Argos: Speak Up For Innovation

Argos has long defined its retail brand through the innovation and technology that it deploys in the shopping experience. Through its strategic use of technology, the retailer offers its customers a range of convenient ways to buy products. That’s important for Argos since many of the general merchandise product it sells are not exclusive to the retailer. Since last autumn, its customers have been able to browse and order from its range via a new and potentially convenient channel – voice.

Shoppers can speak their searches via Google Assistant, choosing from a range of more than 20,000 toys, home essentials and technology products. Once they’ve identified the items they want to buy, they can reserve them for collection from more than 850 branches of Argos.
At the time the service was launched, John Rogers, Argos chief executive, emphasised how the new service fits in with the Argos brand.

“Argos is a digitally led business at the forefront of technology, and it’s really exciting that we are harnessing the simplicity of voice ordering with the convenience and popularity of click and collect to make our customers’ lives easier,” he said. “We predict that the Voice Shop service will be a big hit and we will develop and refine the offer further as we get feedback from our customers.”

Today, voice is one of a range of channels that Argos customers can use to engage with the retailer. They can follow Argos at YouTube, Facebook and Twitter, and order via channels including its website and its mobile app, as well as in-store.

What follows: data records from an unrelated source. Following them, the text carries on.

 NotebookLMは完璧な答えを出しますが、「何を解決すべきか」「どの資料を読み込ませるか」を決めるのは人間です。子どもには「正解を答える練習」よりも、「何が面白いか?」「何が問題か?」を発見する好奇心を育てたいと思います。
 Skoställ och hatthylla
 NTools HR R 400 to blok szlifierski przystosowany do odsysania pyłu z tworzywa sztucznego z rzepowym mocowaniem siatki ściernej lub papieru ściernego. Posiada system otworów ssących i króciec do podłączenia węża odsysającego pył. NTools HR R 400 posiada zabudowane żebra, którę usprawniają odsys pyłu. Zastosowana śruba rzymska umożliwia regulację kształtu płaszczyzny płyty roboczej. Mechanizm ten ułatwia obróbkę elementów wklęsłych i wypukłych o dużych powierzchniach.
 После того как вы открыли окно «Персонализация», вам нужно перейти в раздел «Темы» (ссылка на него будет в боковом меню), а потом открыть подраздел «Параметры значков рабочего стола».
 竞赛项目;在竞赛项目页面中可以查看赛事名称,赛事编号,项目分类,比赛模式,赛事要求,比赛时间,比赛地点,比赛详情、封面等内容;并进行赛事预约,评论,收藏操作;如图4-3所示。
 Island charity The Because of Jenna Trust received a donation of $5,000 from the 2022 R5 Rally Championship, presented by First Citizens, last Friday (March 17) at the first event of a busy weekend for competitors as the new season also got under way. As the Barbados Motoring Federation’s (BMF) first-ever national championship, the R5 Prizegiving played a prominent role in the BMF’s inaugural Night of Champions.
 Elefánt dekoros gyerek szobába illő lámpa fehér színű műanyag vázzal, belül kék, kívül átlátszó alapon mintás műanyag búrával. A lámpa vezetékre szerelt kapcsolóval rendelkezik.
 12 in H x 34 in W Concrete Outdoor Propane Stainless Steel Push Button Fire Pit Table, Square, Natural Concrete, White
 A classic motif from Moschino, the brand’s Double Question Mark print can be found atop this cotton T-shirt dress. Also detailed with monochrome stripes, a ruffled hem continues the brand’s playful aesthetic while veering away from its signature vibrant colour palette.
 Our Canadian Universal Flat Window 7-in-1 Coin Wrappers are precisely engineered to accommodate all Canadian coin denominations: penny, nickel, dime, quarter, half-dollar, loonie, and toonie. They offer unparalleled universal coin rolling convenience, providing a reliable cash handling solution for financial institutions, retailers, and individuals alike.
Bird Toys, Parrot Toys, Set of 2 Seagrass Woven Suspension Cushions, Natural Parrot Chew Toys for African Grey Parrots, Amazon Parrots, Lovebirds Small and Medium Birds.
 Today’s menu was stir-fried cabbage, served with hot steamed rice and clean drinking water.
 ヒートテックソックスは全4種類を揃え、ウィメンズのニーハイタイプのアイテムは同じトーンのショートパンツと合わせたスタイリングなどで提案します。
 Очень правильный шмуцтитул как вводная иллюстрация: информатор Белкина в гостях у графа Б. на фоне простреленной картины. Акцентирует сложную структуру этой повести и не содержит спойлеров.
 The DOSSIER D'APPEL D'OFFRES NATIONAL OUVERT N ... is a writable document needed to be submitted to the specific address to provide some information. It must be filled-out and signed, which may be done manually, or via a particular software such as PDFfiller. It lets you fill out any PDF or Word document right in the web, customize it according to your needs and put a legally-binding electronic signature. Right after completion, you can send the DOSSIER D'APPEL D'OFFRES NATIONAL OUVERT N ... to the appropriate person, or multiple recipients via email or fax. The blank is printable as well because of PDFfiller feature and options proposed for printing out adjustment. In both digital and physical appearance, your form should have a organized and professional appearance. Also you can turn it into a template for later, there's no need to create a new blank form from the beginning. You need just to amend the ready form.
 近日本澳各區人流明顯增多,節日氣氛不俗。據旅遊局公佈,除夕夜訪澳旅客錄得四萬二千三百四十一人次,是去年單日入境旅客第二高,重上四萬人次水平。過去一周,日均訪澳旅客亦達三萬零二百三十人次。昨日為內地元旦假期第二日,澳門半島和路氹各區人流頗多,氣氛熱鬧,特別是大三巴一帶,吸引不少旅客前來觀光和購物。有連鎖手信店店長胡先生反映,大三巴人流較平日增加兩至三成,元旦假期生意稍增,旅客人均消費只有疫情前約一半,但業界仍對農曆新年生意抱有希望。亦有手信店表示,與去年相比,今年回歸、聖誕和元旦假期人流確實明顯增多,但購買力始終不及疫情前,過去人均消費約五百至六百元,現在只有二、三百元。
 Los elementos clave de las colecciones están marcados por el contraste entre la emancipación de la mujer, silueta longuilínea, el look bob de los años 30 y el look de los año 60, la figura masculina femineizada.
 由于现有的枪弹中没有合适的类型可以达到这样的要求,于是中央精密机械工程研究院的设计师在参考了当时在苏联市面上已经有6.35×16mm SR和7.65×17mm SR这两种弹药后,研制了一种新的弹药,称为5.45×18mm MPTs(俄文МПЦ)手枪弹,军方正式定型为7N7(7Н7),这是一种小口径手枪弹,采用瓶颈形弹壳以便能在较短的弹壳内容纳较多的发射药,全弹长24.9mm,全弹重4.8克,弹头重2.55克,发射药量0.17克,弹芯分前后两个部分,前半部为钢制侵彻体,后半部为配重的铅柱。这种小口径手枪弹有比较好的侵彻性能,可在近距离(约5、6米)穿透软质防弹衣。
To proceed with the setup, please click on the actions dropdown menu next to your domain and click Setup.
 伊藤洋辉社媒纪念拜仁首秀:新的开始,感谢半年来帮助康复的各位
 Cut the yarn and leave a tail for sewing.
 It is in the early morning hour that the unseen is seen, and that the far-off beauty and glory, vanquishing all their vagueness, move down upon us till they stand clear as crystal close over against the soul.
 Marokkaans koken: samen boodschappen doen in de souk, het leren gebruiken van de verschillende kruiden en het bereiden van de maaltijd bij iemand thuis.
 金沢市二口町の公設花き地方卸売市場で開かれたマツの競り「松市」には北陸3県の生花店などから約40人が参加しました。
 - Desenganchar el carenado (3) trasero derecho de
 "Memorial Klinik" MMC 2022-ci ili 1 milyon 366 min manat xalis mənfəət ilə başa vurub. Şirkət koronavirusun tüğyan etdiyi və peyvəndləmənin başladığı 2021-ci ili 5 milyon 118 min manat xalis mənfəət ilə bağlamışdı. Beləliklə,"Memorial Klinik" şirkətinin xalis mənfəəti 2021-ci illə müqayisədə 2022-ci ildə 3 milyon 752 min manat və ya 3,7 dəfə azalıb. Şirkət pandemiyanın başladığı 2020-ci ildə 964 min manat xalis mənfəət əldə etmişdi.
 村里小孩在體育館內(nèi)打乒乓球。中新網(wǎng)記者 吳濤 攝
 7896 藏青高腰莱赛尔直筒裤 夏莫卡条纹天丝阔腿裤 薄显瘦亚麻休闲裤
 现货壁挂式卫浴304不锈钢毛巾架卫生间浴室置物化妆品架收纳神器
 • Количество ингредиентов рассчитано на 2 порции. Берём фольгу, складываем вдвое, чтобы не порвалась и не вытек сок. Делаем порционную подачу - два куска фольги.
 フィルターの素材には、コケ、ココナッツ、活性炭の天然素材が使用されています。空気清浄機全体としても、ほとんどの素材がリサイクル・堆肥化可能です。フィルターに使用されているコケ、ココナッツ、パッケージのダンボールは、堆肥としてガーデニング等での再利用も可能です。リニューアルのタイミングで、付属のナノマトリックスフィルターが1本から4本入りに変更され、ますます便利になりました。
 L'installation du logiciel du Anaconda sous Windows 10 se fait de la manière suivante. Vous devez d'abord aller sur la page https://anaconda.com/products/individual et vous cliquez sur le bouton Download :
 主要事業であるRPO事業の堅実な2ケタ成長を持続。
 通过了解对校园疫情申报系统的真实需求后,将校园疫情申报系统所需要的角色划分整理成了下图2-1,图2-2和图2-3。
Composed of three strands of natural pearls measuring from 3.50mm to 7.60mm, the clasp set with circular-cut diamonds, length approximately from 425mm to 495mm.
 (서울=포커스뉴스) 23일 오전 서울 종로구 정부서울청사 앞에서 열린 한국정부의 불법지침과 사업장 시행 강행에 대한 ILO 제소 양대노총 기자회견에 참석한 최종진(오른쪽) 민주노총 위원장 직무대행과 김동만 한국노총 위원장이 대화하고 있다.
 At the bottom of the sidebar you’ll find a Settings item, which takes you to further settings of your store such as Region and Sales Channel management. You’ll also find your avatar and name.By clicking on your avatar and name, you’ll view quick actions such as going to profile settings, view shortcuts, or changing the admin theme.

Features on the retailer’s YouTube channels include a range of unboxing videos, and a playlist of videos from Argos testers – one video featuring a My Little Pony unboxing had 99,000 views at the time of writing. Argos also features its videos, such as a ‘holiday heroes’ series of ads, across its social media channels, and runs a wide range of competitions on its Twitter and Facebook channels – where Argos’ fast-track delivery and collection services also get high levels of response from predominantly happy shoppers.

Argos stands out in IRUK Top500 research for its use of personalisation, and for services that it offers that are less commonly found among the Top500 – its use of product reviews and ratings and of live chat on its mobile app.

Argos was bought by Sainsbury’s in 2016. As we explore in the Sainsbury’s case study (opposite page), the supermarket has used Argos to deliver on its own brand message of shopper convenience, enabling its shoppers to order and pick up the wide range of non-grocery goods that Argos sells from within its own supermarkets.